La Tensión en el Yate de Lujo

Bajamos, la puerta se cierra con clic metálico. Olía a sándalo y deseo. Javier me empuja contra la pared forrada de seda, sus labios en mi cuello: ‘Sabes que te quiero desde la primera reunión’. Marco observa, se desabrocha la camisa. Yo gimo, ‘Pero… los contratos…’. ‘Al carajo’, dice Javier, bajándome el vestido. Mis tetas saltan libres, pezones duros como diamantes. Marco se acerca, ‘Déjame probarte’. Le chupo la polla enorme, salada, venosa, mientras Javier me arranca la tanga. ‘Estás chorreando, puta de lujo’, gruñe, metiéndome dos dedos en el coño empapado.

Me tiran en la cama king size, sábanas de hilo egipcio. Javier me abre las piernas, lame mi clítoris hinchado, ‘Sabe a miel cara’. Marco me folla la boca, ‘Traga hondo, zorra’. Cambio: Javier empuja su verga gorda en mi coño, sin condón, crudo. ‘¡Joder, qué apretada!’, jadea, apalancándome contra el colchón. Huele a sudor mixto con colonia cara. Marco me pellizca los pezones, ‘Dile que lo amas’. Yo… ahhh… ‘Te amo, Javier, fóllame más profundo’. Él acelera, bolas golpeando mi culo, ‘Voy a llenarte, sin pastilla del día después’. Marco se une, me mete la polla en el culo despacio, gel lubrificante frío. Dolor placentero, ‘¡Sí, dóblenme, coño!’. Doble penetración, sus pollas rozándose dentro, yo grito ‘¡Me corro, joder!’, chorros calientes en mi vientre y ano.

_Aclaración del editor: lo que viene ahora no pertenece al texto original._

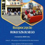 Serdecznie zapraszamy na uroczyste rozpoczęcie roku szkolnego 2024/2025, które odbędzie się 2 września na boisku przed głównym wejściem do szkoły.
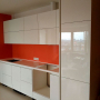 Кухня с фасадами из крашенного МДФ глянец. Ручка - Gola профиль. Столешница - искусственный камень Getacore. Встроенный холодильник, посудомоечная машина, духовой шкаф. Фурнитура BLUM.
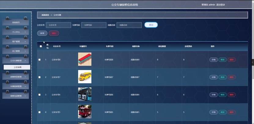 管理员点击公交车辆管理。在公交车辆页面输入公交车次、车牌号码和线路名称进行查询、新增或删除公交车辆列表,并根据需要对公交车辆详情信息进行详情、修改或删除操作;如图5-5所示:
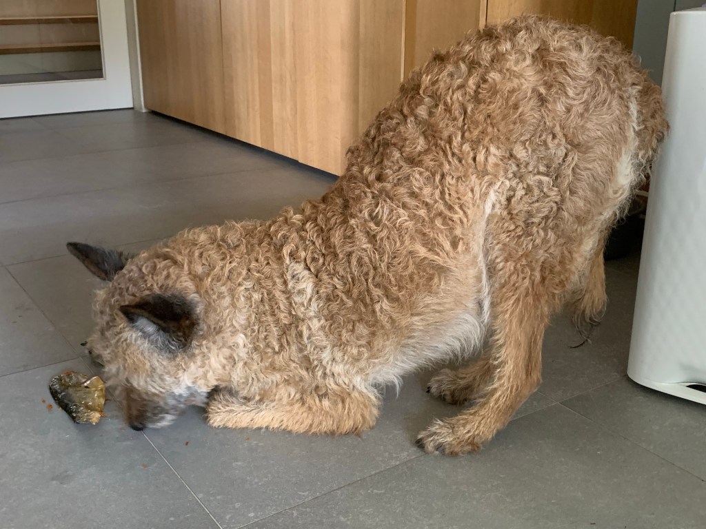 Ze is ook wat korzelig, wil niet meer door alles en iedereen aangehaald worden en komt moeizaam in de benen wanneer ik haar roep. Alleen voor wat lekkers is ze nog te porren. Dus krijgt ze gedroogde zalmfilet, dat vindt ze heerlijk. Lekker op haar buik met de poten er omheen lukt niet meer maar ze heeft een wonderlijke manier gevonden om dit probleem te omzeilen. Ze zakt door haar voorpoten en peuzelt het lekkers rustig op.
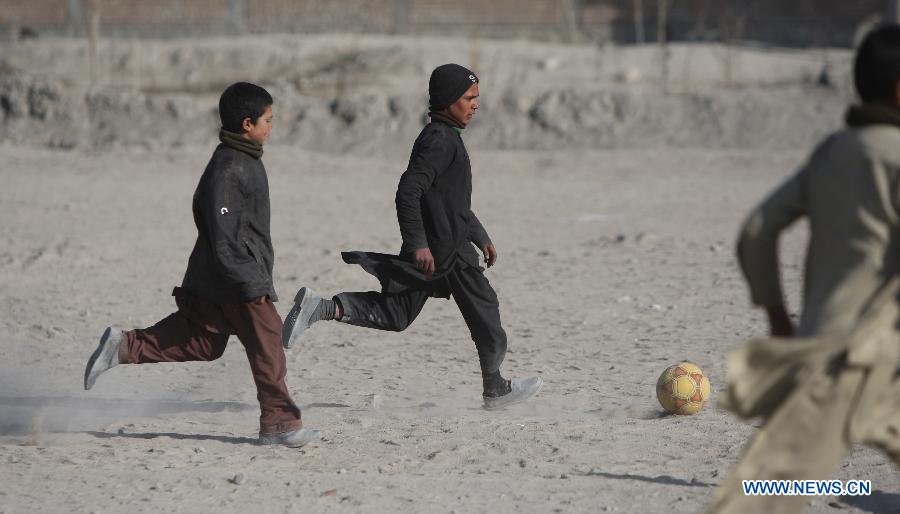 Afghan children play soccer on the dusty ground outside their homes at a slum area in Kabul, Afghanistan on Jan. 3, 2015. (Xinhua/Ahmad Massoud)
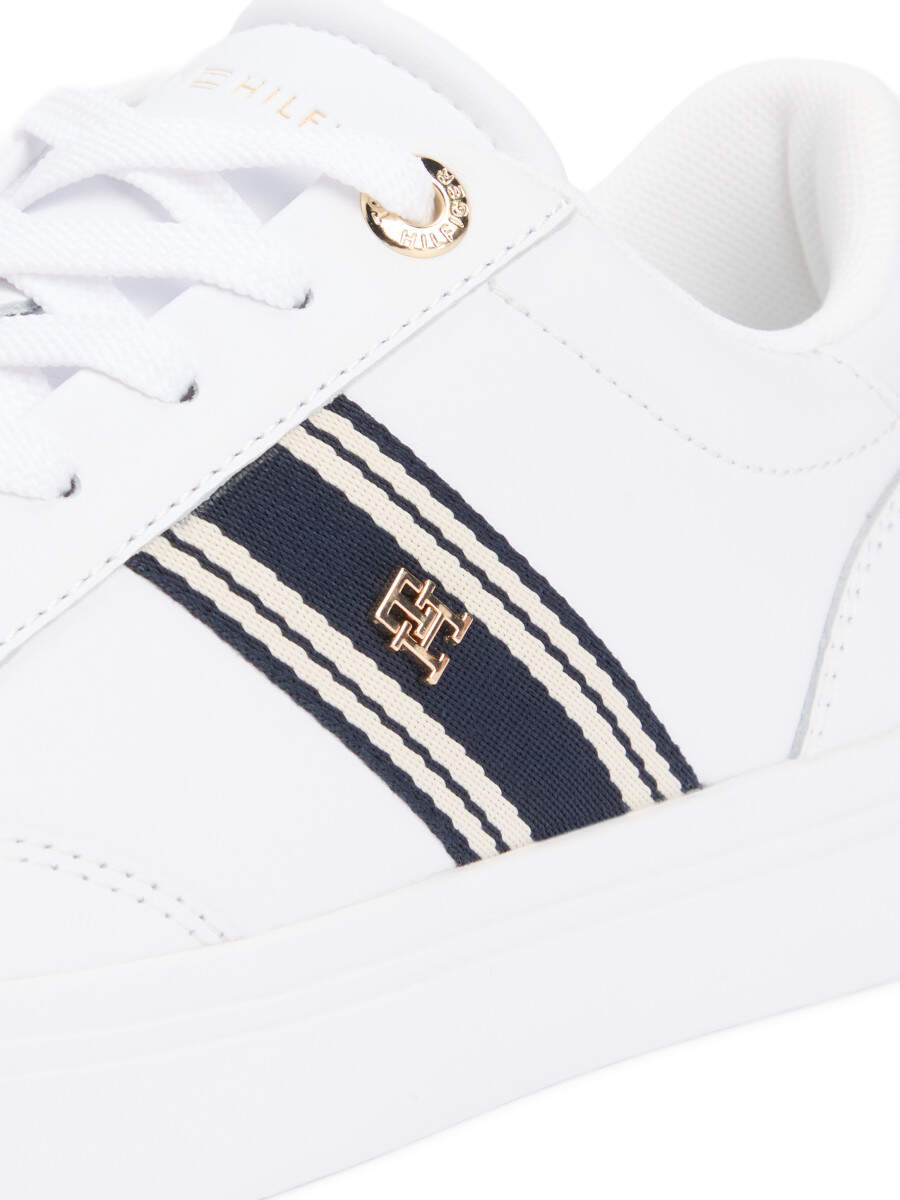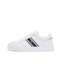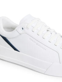 Leather sneaker with cupsole and strap detail
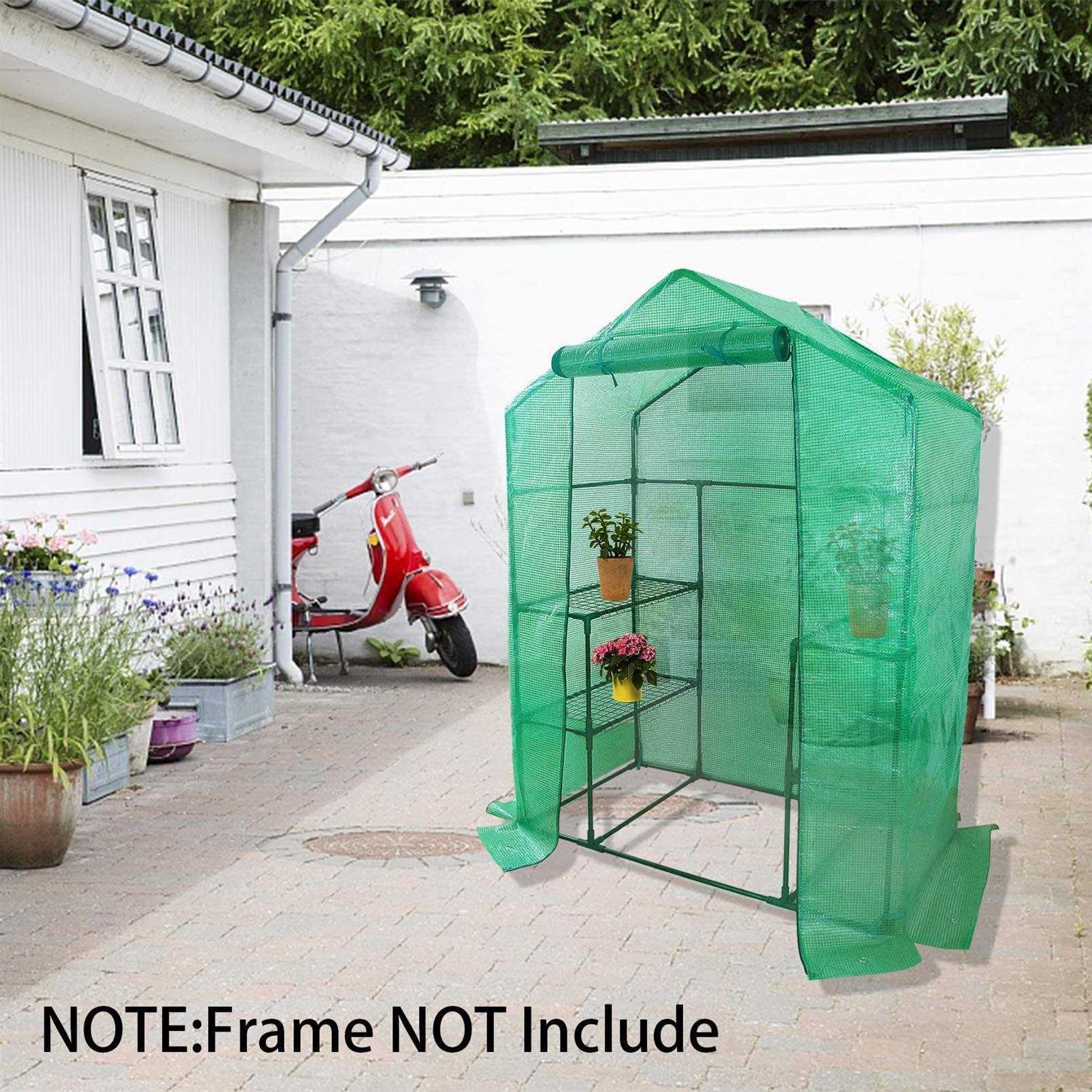 Suitable Size: More details in picture, frame greenhouse is Not include. PE Material: Heavy duty reinforced polyethylene cover,not need to worry about the greenhouse will deformed. Waterproof&Anti-UV: The product is 100% waterproof and anti-UV to enable your plant and flowers to absorb more sunshine provide enough room for theirs growth. Roll-Up Zipper Door Design: Designed with roll-up zipper door for easy access and screened ventilation for optimum air circulation. Easy Assembly & Storeage: You can easily assemble with no tools required.Storage is a breeze too.The indoor outdoor greenhouse can be easily folded up and be put it in basement when you’ve finished using it. It only occupies a small area.

El Clímax Brutal y el Secreto Compartido

Explotamos juntos, semen goteando de mis agujeros, olor almizclado intenso. Me quedo temblando, piel pegajosa de sudor y placer. Javier besa mi frente, ‘Eres nuestra ahora’. Marco asiente, limpiándose.

Minutos después, volvemos arriba. Vestidos impecables, copas en mano, dossiers abiertos como si nada. ‘Firma aquí, Marie’, dice Javier con sonrisa profesional. Nuestras miradas se cruzan, secreto elite: mi coño aún palpita con su leche dentro. El yate atraca, volvemos a la realidad VIP, pero yo sé… esto solo empieza. Adrenalina pura, poder y exclusividad.